PROMPT: Retype all data exactly as given. Pictures should not be retyped.

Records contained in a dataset
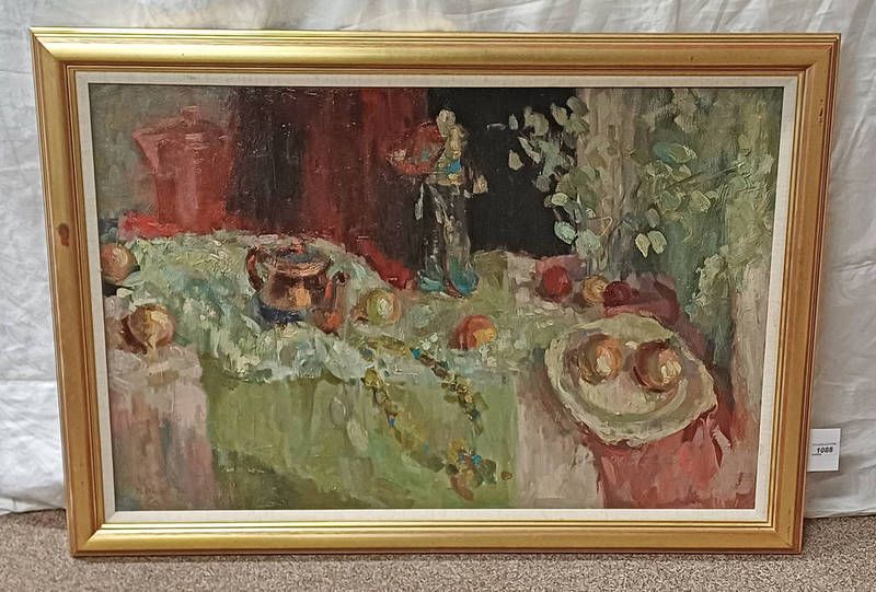 Muriel marskell ''still life with chinese figure'' signed, label to reverse gilt framed oil on canvas 60cm x 90cm
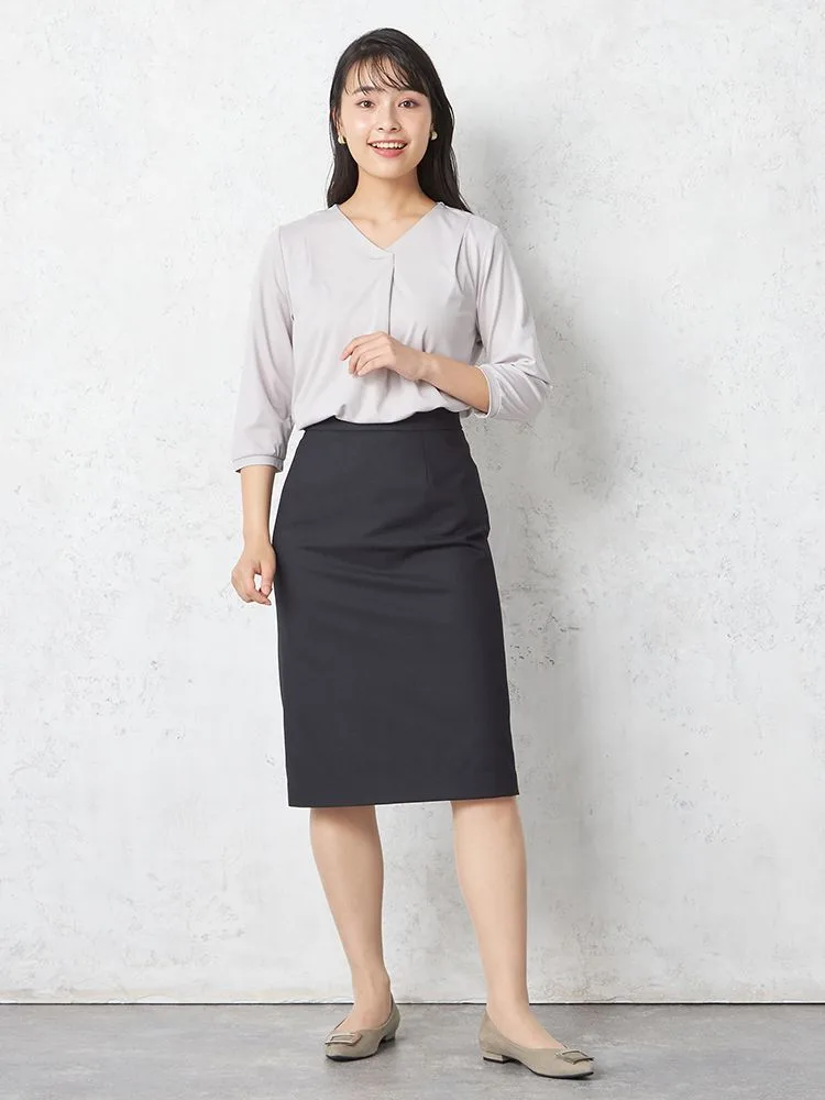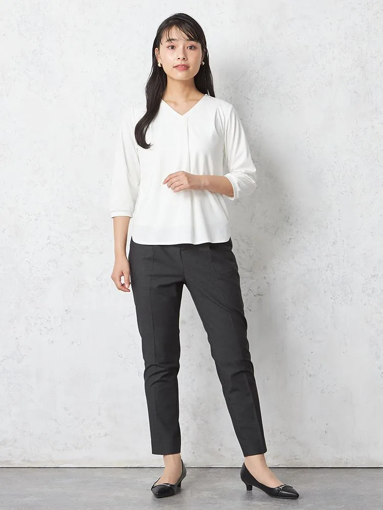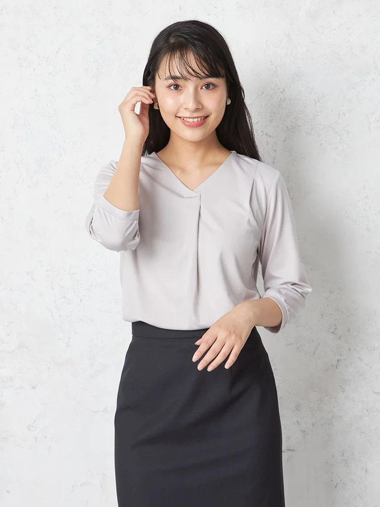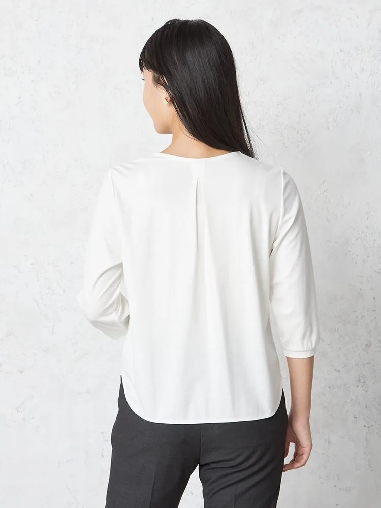 滑らかで肌触りの良いシルキーな素材感が快適な着心地の七分袖Vネックカットソー。
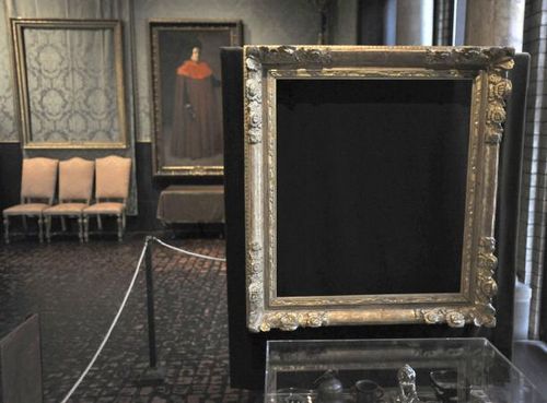 波士顿伊莎贝拉•斯图亚特•佳德纳博物馆,名画被盗后留下的画框。
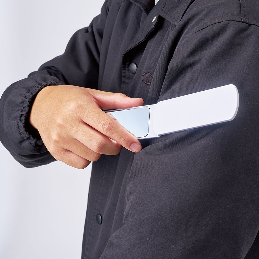 急な商談前や日常使いに、すぐにほこりを払えて便利な洋服クリーナーと
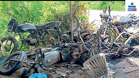 डिचोली: मुळगाव येथील एका गॅरेजमध्ये दुरुस्तीसाठी ठेवलेल्या दुचाकी जाळण्याचा प्रकार घडला असून, या घटनेत चार दुचाकी जळून भस्मसात झाल्या. या घटनेत दोन लाखांहून अधिक रुपयांचे नुकसान झाल्याची माहिती गॅरेजमालकाने दिली. आग वेळीच नियंत्रणात आल्याने मोठा अनर्थ टळला.
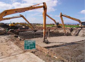 改良の対象土となる原位置土に適合した固化材および添加量をバックホーにて均一に散布を行い、バックホー先端に取り付けた撹拌機を土中に挿入し、固化材と原位置土を撹拌混合する工法。
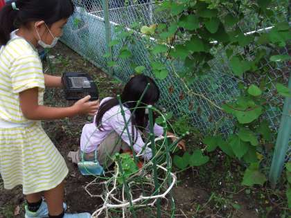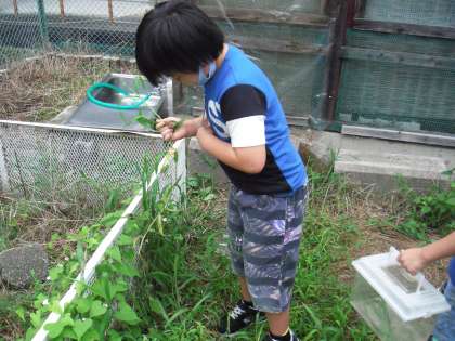 生活科の学習で、虫さがしに行きました。今日は、虫かごなどの入れ物を持ってきて、見付けた虫を大事そうに入れていました。「虫がいた場所にあった草や土を入れたらいいのではないかな」「安心して住めるおうちにしよう」と住処をつくったり、えさを調べたりしていました。これからも、大切にお世話をしてほしいです。
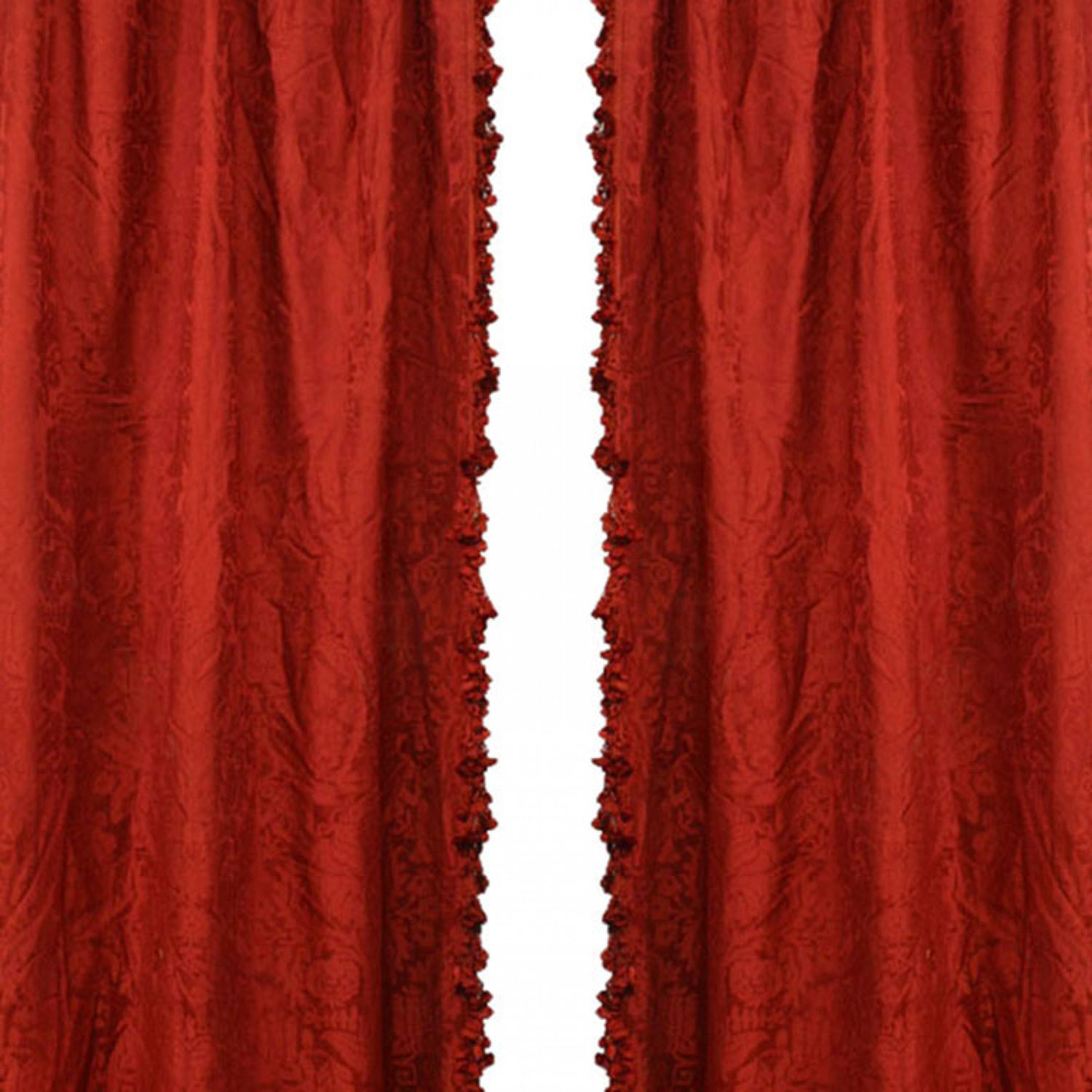 Pair of English Victorian Style Deep Rose Silk Damask Drapes
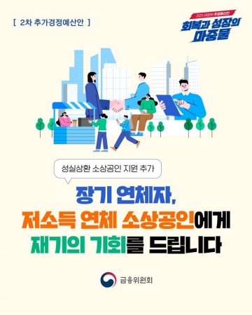 채무조정 관련 주무 부서인 금융위원회에 따르면 이번 2차 추경 규모는 1조1,000억 원이다. 장기 연체채권 소각 프로그램에 4,000억 원, 소상공인·자영업자 채무조정 프로그램에 7,000억 원을 투입한다.
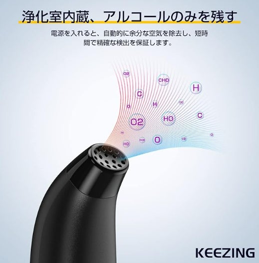 KEEZINGアルコールチェッカーは、呼気に含まれるアルコール濃度をわずか数秒で正確に検出できる高性能センサーを使用しています。電源を入れるだけで、余分な空気を自動的に排除し、最適な測定環境を提供します。測定範囲は0.00-0.19BAC(0.0-1.9g/L)と幅広く、シンプルに息を吹きかけるだけで、手軽にアルコールチェックが完了します。
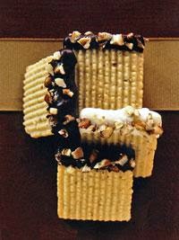 You'll need a cookie press with a ribbon disk to shape these ridged wafer-like cookies. Chopped pecans are stirred into the cookie dough and sprinkled on the chocolate glaze.
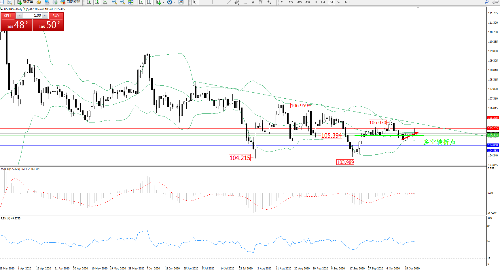 美元兑日圆处于105.475附近整理中,在市场风情情绪风向标指挥下,过去一个月来美元与日元同涨同跌的基本格调仍在维持,后市在美国大选结果揭晓前,这一趋势仍会继续延续下去;当前,美元兑日元正继续横盘于104.95-106.10这一箱体区间之中,受到欧洲疫情扩大和贸易风险再燃的影响,美元及日元兑欧系及商品系货币仍同步走强,竞争性升值走势将至少在下月美国大选投票日前得到维持,此后汇价的分化方向则取决于之后美元指数有否突破性行情出现。大量投资者都处在观望状态,等待大选之后再入场。基金经理们都等待着熬过这些风险事件,之后市场不确定性的下降对风险资产是利好的。

SOLUTION FOR THIS TASK:
 Muriel marskell ''still life with chinese figure'' signed, label to reverse gilt framed oil on canvas 60cm x 90cm
 滑らかで肌触りの良いシルキーな素材感が快適な着心地の七分袖Vネックカットソー。
 波士顿伊莎贝拉•斯图亚特•佳德纳博物馆,名画被盗后留下的画框。
 急な商談前や日常使いに、すぐにほこりを払えて便利な洋服クリーナーと
 डिचोली: मुळगाव येथील एका गॅरेजमध्ये दुरुस्तीसाठी ठेवलेल्या दुचाकी जाळण्याचा प्रकार घडला असून, या घटनेत चार दुचाकी जळून भस्मसात झाल्या. या घटनेत दोन लाखांहून अधिक रुपयांचे नुकसान झाल्याची माहिती गॅरेजमालकाने दिली. आग वेळीच नियंत्रणात आल्याने मोठा अनर्थ टळला.
 改良の対象土となる原位置土に適合した固化材および添加量をバックホーにて均一に散布を行い、バックホー先端に取り付けた撹拌機を土中に挿入し、固化材と原位置土を撹拌混合する工法。
 生活科の学習で、虫さがしに行きました。今日は、虫かごなどの入れ物を持ってきて、見付けた虫を大事そうに入れていました。「虫がいた場所にあった草や土を入れたらいいのではないかな」「安心して住めるおうちにしよう」と住処をつくったり、えさを調べたりしていました。これからも、大切にお世話をしてほしいです。
 Pair of English Victorian Style Deep Rose Silk Damask Drapes
 채무조정 관련 주무 부서인 금융위원회에 따르면 이번 2차 추경 규모는 1조1,000억 원이다. 장기 연체채권 소각 프로그램에 4,000억 원, 소상공인·자영업자 채무조정 프로그램에 7,000억 원을 투입한다.
 KEEZINGアルコールチェッカーは、呼気に含まれるアルコール濃度をわずか数秒で正確に検出できる高性能センサーを使用しています。電源を入れるだけで、余分な空気を自動的に排除し、最適な測定環境を提供します。測定範囲は0.00-0.19BAC(0.0-1.9g/L)と幅広く、シンプルに息を吹きかけるだけで、手軽にアルコールチェックが完了します。
 You'll need a cookie press with a ribbon disk to shape these ridged wafer-like cookies. Chopped pecans are stirred into the cookie dough and sprinkled on the chocolate glaze.
 美元兑日圆处于105.475附近整理中,在市场风情情绪风向标指挥下,过去一个月来美元与日元同涨同跌的基本格调仍在维持,后市在美国大选结果揭晓前,这一趋势仍会继续延续下去;当前,美元兑日元正继续横盘于104.95-106.10这一箱体区间之中,受到欧洲疫情扩大和贸易风险再燃的影响,美元及日元兑欧系及商品系货币仍同步走强,竞争性升值走势将至少在下月美国大选投票日前得到维持,此后汇价的分化方向则取决于之后美元指数有否突破性行情出现。大量投资者都处在观望状态,等待大选之后再入场。基金经理们都等待着熬过这些风险事件,之后市场不确定性的下降对风险资产是利好的。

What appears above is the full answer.